▶ [Action item]:
Lower down are entries containing pictures. Copy exactly, without those pictures, the lines from the line with "2005/2/24(木) 曇り後雨 いつのまにか、色褪せた花弁の間から、縁が紫色で真中が緑色のさやがのぞいていました。" through the line with "Wodze parciane z".
= = = = =
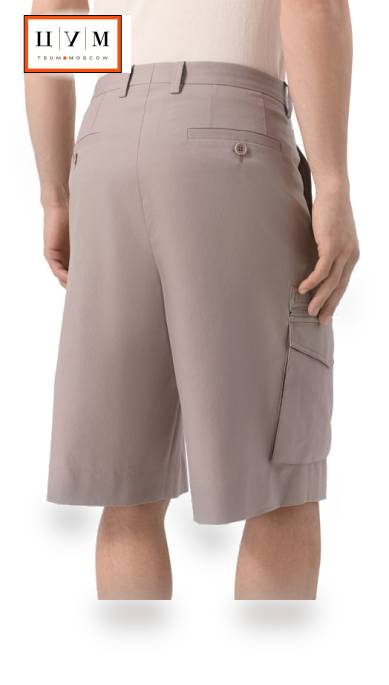 Шорты длиной до середины колена сшили из хлопкового твила с добавлением шерсти и шелка. Модель с защипами спереди дополнили двумя боковыми и парой задних карманов, а в накладные карго с клапанами интегрировали прорезные с молниями.
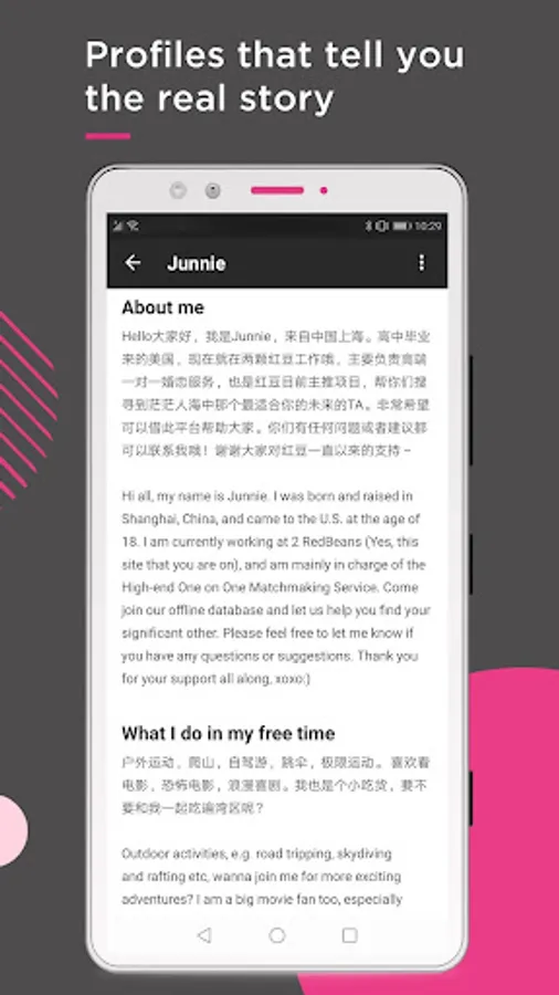 2RedBeans is the biggest and most active dating app for Chinese singles. We are the go-to destination for those who are looking for a place with users who understand and have a lot in common with their culture and background.
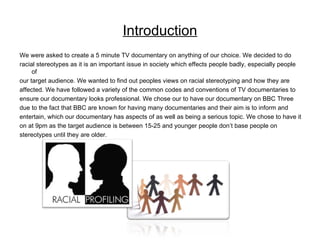 The document describes a 5-minute TV documentary created by the author on the topic of racial stereotypes. It discusses how the documentary uses common conventions of the genre, such as interviews, a voiceover, music, and establishing shots. It also includes a draft and final version of an article created to promote the documentary in a TV magazine.
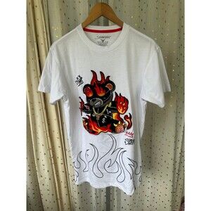 Screenshot Men's Puffy Chenille Fleece Bling Fire Bear Embroidery T-Shirt M
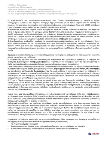Κόντρα στους πλαστούς διαχωρισμούς μεταξύ "αληθινών" και "ψεύτικων" προσφύγων, κόντρα στην εργαλειοποίηση των θυμάτων, ενάντια στον διαχωρισμό προσφύγων δύο ταχυτήτων και τον επιλεκτικό ανθρωπισμό, οφείλουμε να δηλώσουμε εμπράκτως την αντίθεσή μας και να διεκδικήσουμε μια διαφορετική διαχείριση στο προσφυγικό/μεταναστευτικό.
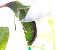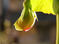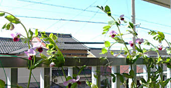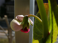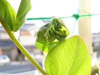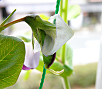 2005/2/24(木) 曇り後雨 いつのまにか、色褪せた花弁の間から、縁が紫色で真中が緑色のさやがのぞいていました。 紫色がツタンカーメン足らしめているのだけど、 花や葉を見ていると、エンドウマメと変らないような気がするのに、さやがどんどん紫色になっていくのが、ちょっと不思議。
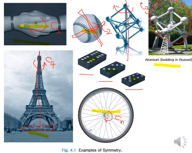 맞잡은 손, 야구공, 이어 붙인 주사위들, 자전거 휠, 에펠탑 등등에서 대칭성을 관찰할 수 있습니다.
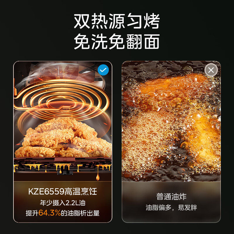 📚 美的空气炸锅上下双热源6.5L大容量可视窗金属内腔电烤箱KZE6559
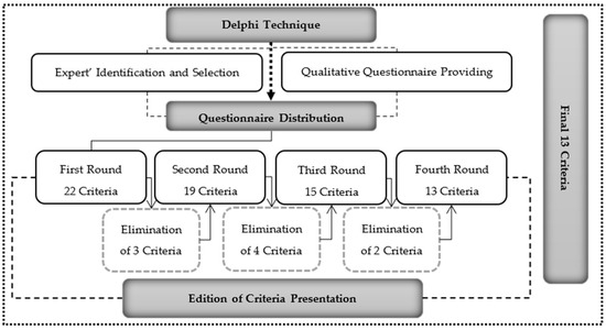 Three columns were placed for each criterion: Yes, No, and the column of experts’ opinions. They were also asked to express their opinion in summary regarding the criteria, and the Delphi technique was used in four rounds to analyze their answers. In the first round, out of 22 criteria, 3 criteria received 18, 19, and 18 negative responses out of a total of 19 responses. Therefore, they were removed from the list and the second round was carried out with 19 criteria. In the second round, four criteria received 17, 16, 18, and 16 negative responses and were removed. The third round started with the remaining 15 criteria, and 2 criteria with 16, and 15 negative answers were eliminated, and 13 criteria remained for the last round. In the fourth round, all 13 criteria received positive responses and 19 experts reached a consensus regarding the positive impact of these criteria. Therefore, 13 criteria were selected to prepare the next questionnaire. In Figure 5, the use of the Delphi technique to analyze the qualitative questionnaire of the first step is shown.
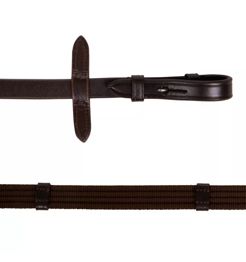 Wodze parciane z zapięciem na haki przy wędzidle. Łączone ze sobą za pomocą rzepa. Wykończenia skórzane. Ze stoperami.
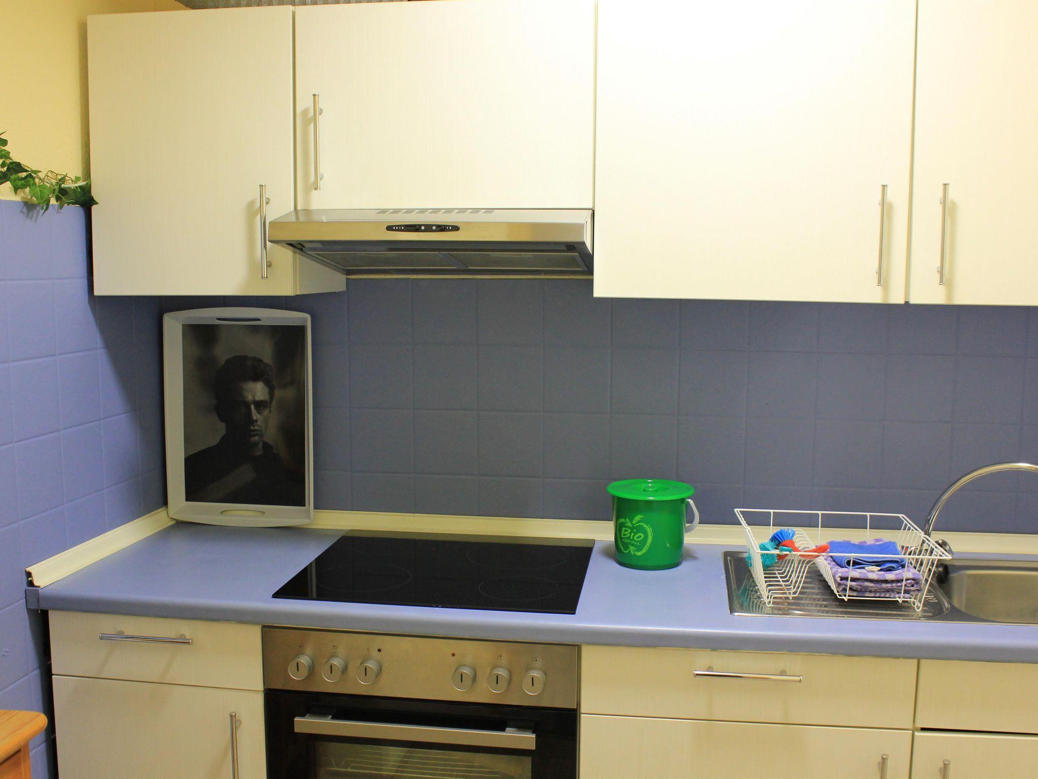Im Flur befindet sich eine Garderobe. Sie verfügt über ein Badezimmer mit Dusche und WC, ein Schlafzimmer mit 2 Einzelbetten und eine voll ausgestattete Küche mit Backofen und Cerankochfeld. Im kombinierten Wohn-/Schlafraum befindet sich die Essecke, Sat-TV, Sofa und hinter einem Vorhang ein Doppelbett.
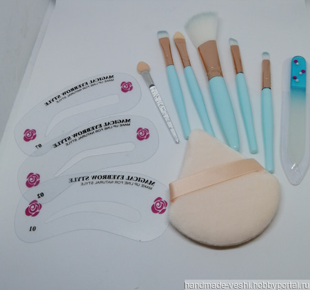 Набор необходимых каждой женщине аксессуаров для макияжа в органайзере с вышивкой, изготовленном в единственном экземпляре. Такого не будет больше ни у кого. В набор входит: кисточки для сухих и влажных тексту- 4 шт, аппликаторы- 2 шт, пуховка- 1 шт, трафареты для бровей- 3 шт, стеклянная пилочка для ногтей- 1 шт. Размер органайзера 15х12,5 см, упакован в подарочную коробку 18х18х3 см с прозрачной крышкой.
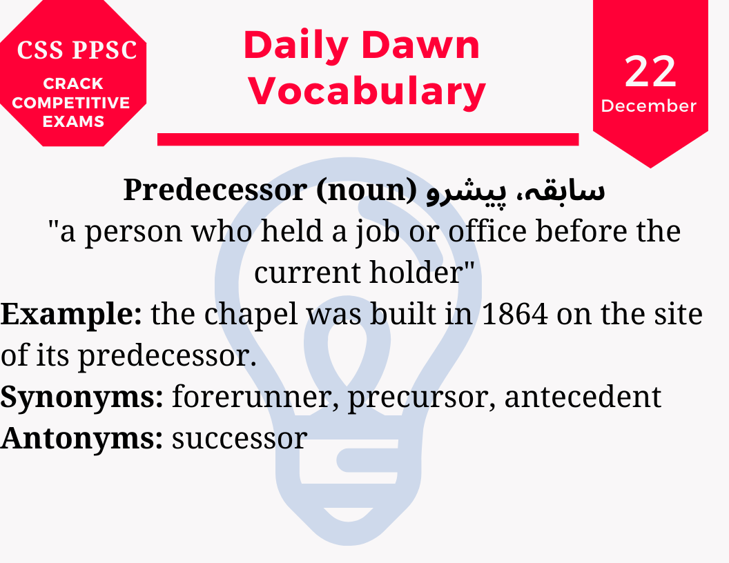 Each aspirant understands the significance of the language and vocabulary of English. We have begun a new trend of posting vocabulary on our website in order to encourage aspirants. In this way aspirants can save time and enhance their vocabulary. Moreover PDF file is also available for aspirants. So, keep in touch with us for daily dawn vocabulary with Urdu meaning.
= = = = =
▶ [Response area]:
 2005/2/24(木) 曇り後雨 いつのまにか、色褪せた花弁の間から、縁が紫色で真中が緑色のさやがのぞいていました。 紫色がツタンカーメン足らしめているのだけど、 花や葉を見ていると、エンドウマメと変らないような気がするのに、さやがどんどん紫色になっていくのが、ちょっと不思議。
 맞잡은 손, 야구공, 이어 붙인 주사위들, 자전거 휠, 에펠탑 등등에서 대칭성을 관찰할 수 있습니다.
 📚 美的空气炸锅上下双热源6.5L大容量可视窗金属内腔电烤箱KZE6559
 Three columns were placed for each criterion: Yes, No, and the column of experts’ opinions. They were also asked to express their opinion in summary regarding the criteria, and the Delphi technique was used in four rounds to analyze their answers. In the first round, out of 22 criteria, 3 criteria received 18, 19, and 18 negative responses out of a total of 19 responses. Therefore, they were removed from the list and the second round was carried out with 19 criteria. In the second round, four criteria received 17, 16, 18, and 16 negative responses and were removed. The third round started with the remaining 15 criteria, and 2 criteria with 16, and 15 negative answers were eliminated, and 13 criteria remained for the last round. In the fourth round, all 13 criteria received positive responses and 19 experts reached a consensus regarding the positive impact of these criteria. Therefore, 13 criteria were selected to prepare the next questionnaire. In Figure 5, the use of the Delphi technique to analyze the qualitative questionnaire of the first step is shown.
 Wodze parciane z zapięciem na haki przy wędzidle. Łączone ze sobą za pomocą rzepa. Wykończenia skórzane. Ze stoperami.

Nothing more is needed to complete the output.